When, Where, and How: Adaptive Binning for Tabular Self-Supervised Learning

Authors:
Daehwan KimHaejun ChungIkbeom Jang

arXiv:2606.19827v1 Announce Type: cross Abstract: Medical tabular data are ubiquitous in clinical research, but deep learning for tables remains underexplored because reliable labels often require costly expert adjudication, even though structured clinical variables are routinely available in tabular form.
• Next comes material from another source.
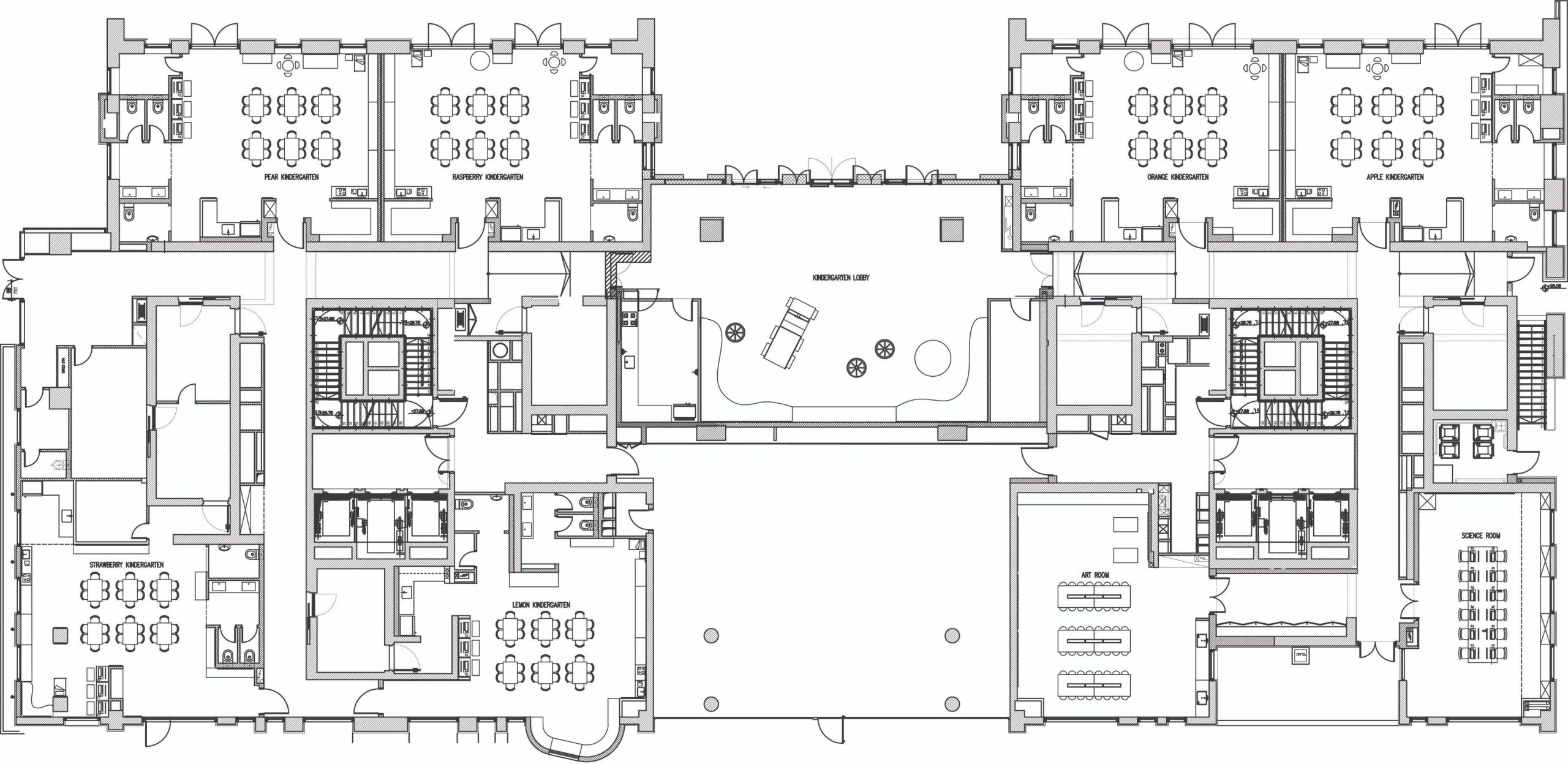 یک پرتقال بزرگ که در مرکز قرار دارد، بازی تعاملی را تشویق می کند. در سرتاسر راهروی مهدکودک، خانه‌های بازی چوبی رنگارنگ مختلف، بچه‌ها را به بازی و کاوش دعوت می‌کنند. طراحی فضا هم نیازهای آموزشی و هم میل به ترویج یک محیط بازی دوستانه را در نظر گرفته که فعالیت عملی و تجربه ای ماندگار را ارائه می دهد.

Self-supervised learning can leverage these unlabeled tables, and recent binning-based pretexts offer a promising inductive bias, but existing objectives fix a single global quantile discretization and apply feature-agnostic supervision. We propose Adaptive Binning, a training-adaptive discretization pretext for tabular SSL that couples discretization to learning through a feature-wise coarse-to-fine curriculum. Motivated by the spectral bias of neural networks and the principles of curriculum learning, our method progressively refines discretization per feature upon plateau detection and selects representation-aware splits to jointly improve value-space concentration and representation-space coherence. A heterogeneity-aware objective unifies categorical reconstruction with ordinal supervision for numerical features, and experiments on public medical tabular datasets under unified evaluation protocols show consistent gains for linear probing and fine-tuning without dataset-specific discretization tuning. We further introduce a medical tabular SSL benchmark with standardized protocols to support reproducible progress in this underexplored domain. Our code is available at https://github.com/labhai/Adaptive-Binning.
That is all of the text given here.